Beginning with the line that contains "arguments는 배열 형태입니다." and ending with the line that contains "hinten links stehen", reproduce the lines of the entries below exactly, omitting pictures.

--- Dataset extract Enclosed Below ---

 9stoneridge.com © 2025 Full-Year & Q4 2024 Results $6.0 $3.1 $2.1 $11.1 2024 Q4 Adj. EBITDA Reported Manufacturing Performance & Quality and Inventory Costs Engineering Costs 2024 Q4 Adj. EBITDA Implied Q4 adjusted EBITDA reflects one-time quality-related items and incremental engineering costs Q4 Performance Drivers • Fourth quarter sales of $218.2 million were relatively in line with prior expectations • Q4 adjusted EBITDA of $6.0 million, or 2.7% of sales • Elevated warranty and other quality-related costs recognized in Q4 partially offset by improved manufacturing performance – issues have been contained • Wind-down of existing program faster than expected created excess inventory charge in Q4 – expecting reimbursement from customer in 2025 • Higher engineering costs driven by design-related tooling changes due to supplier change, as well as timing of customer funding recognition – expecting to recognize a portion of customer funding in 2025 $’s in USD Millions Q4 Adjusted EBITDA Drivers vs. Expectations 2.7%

--- End of Enclosed Dataset extract ---
--- Dataset extract Enclosed Below ---

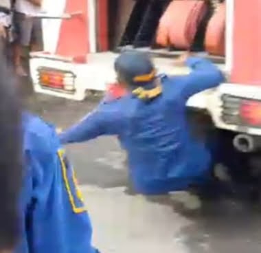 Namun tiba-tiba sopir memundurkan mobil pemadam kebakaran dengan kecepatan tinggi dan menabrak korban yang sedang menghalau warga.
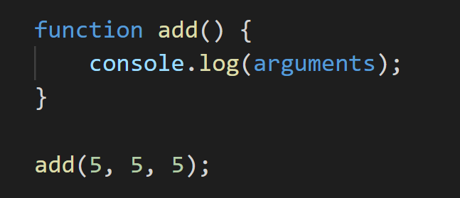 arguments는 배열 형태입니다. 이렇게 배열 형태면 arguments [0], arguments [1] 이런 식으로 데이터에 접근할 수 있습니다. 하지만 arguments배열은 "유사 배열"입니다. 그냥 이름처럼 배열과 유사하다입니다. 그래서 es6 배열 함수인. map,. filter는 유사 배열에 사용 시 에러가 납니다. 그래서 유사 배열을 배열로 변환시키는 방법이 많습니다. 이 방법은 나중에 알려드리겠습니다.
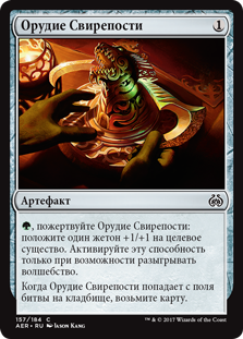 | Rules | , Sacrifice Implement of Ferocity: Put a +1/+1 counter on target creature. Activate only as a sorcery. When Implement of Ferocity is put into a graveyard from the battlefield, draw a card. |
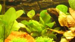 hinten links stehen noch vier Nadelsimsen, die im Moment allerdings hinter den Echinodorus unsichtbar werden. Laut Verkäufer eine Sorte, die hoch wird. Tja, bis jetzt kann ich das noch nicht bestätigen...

--- End of Enclosed Dataset extract ---
--- Dataset extract Enclosed Below ---

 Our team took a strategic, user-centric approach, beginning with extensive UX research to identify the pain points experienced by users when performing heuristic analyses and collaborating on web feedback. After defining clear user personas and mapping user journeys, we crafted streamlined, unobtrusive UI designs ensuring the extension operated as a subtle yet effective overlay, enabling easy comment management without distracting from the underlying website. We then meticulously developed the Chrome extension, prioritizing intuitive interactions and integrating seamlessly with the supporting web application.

--- End of Enclosed Dataset extract ---

Task answer:
 arguments는 배열 형태입니다. 이렇게 배열 형태면 arguments [0], arguments [1] 이런 식으로 데이터에 접근할 수 있습니다. 하지만 arguments배열은 "유사 배열"입니다. 그냥 이름처럼 배열과 유사하다입니다. 그래서 es6 배열 함수인. map,. filter는 유사 배열에 사용 시 에러가 납니다. 그래서 유사 배열을 배열로 변환시키는 방법이 많습니다. 이 방법은 나중에 알려드리겠습니다.
 | Rules | , Sacrifice Implement of Ferocity: Put a +1/+1 counter on target creature. Activate only as a sorcery. When Implement of Ferocity is put into a graveyard from the battlefield, draw a card. |
 hinten links stehen noch vier Nadelsimsen, die im Moment allerdings hinter den Echinodorus unsichtbar werden. Laut Verkäufer eine Sorte, die hoch wird. Tja, bis jetzt kann ich das noch nicht bestätigen...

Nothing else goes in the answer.